[Stored data]
_ _ _ _ _ _ _

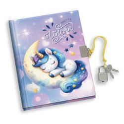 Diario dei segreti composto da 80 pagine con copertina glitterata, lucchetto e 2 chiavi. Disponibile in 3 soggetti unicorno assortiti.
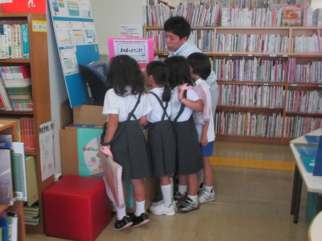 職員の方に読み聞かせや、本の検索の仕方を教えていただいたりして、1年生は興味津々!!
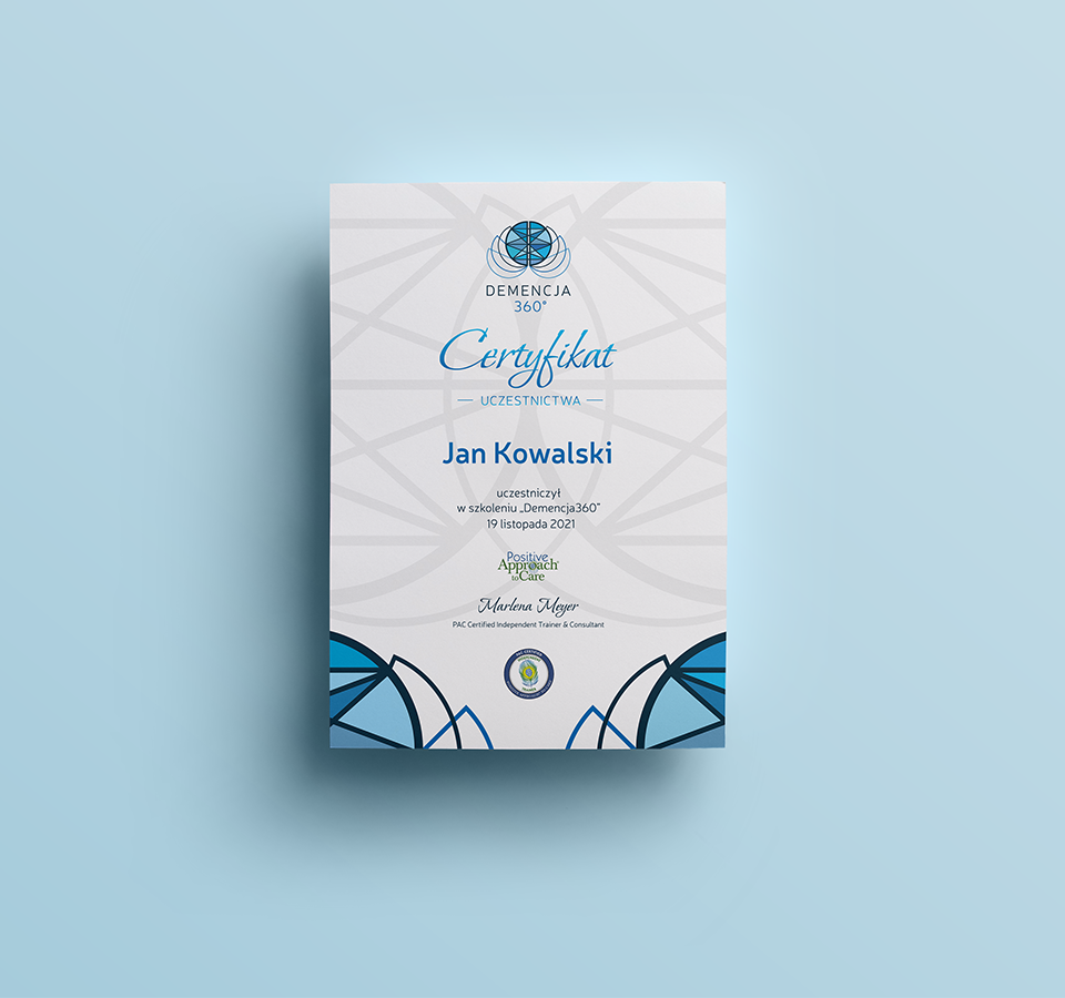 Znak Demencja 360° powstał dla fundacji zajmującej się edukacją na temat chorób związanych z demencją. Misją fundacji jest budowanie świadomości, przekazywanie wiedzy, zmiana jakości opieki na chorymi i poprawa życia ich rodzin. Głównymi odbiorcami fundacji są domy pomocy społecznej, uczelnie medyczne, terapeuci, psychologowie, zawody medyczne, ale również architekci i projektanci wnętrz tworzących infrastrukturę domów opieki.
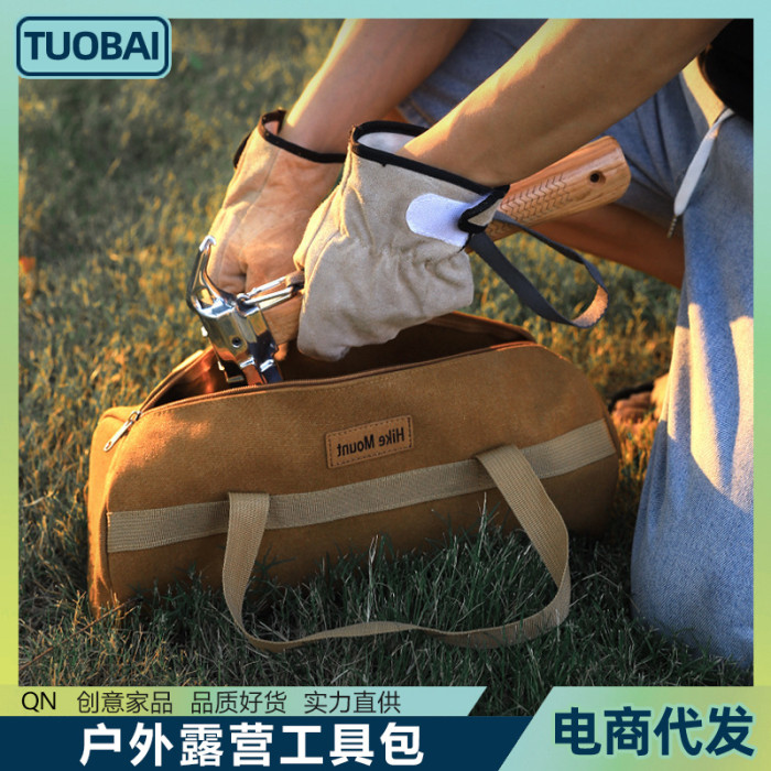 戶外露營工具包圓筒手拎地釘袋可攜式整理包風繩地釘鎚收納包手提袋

_ _ _ _ _ _ _

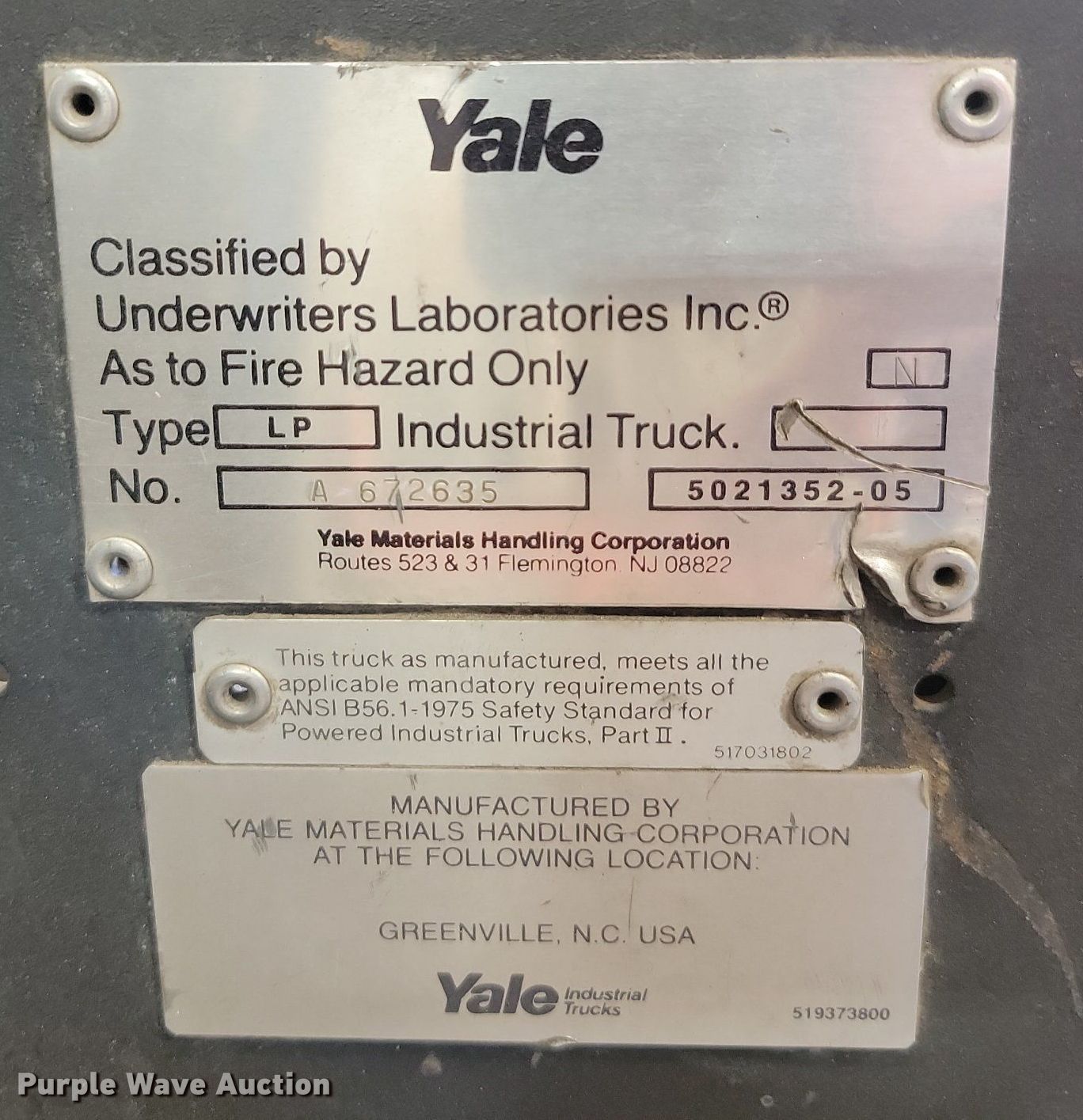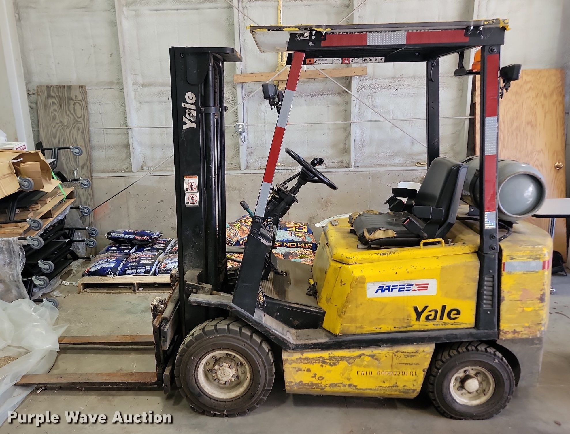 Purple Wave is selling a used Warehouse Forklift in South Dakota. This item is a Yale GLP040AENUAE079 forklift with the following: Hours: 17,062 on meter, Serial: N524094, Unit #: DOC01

_ _ _ _ _ _ _

[Assignment] From the records above, copy exactly the lines starting at the one with "Diario dei segreti" and ending at the one with "職員の方に読み聞かせや、本の", and no others. Pictures stay out.

[Solution to this exercise]
 Diario dei segreti composto da 80 pagine con copertina glitterata, lucchetto e 2 chiavi. Disponibile in 3 soggetti unicorno assortiti.
 職員の方に読み聞かせや、本の検索の仕方を教えていただいたりして、1年生は興味津々!!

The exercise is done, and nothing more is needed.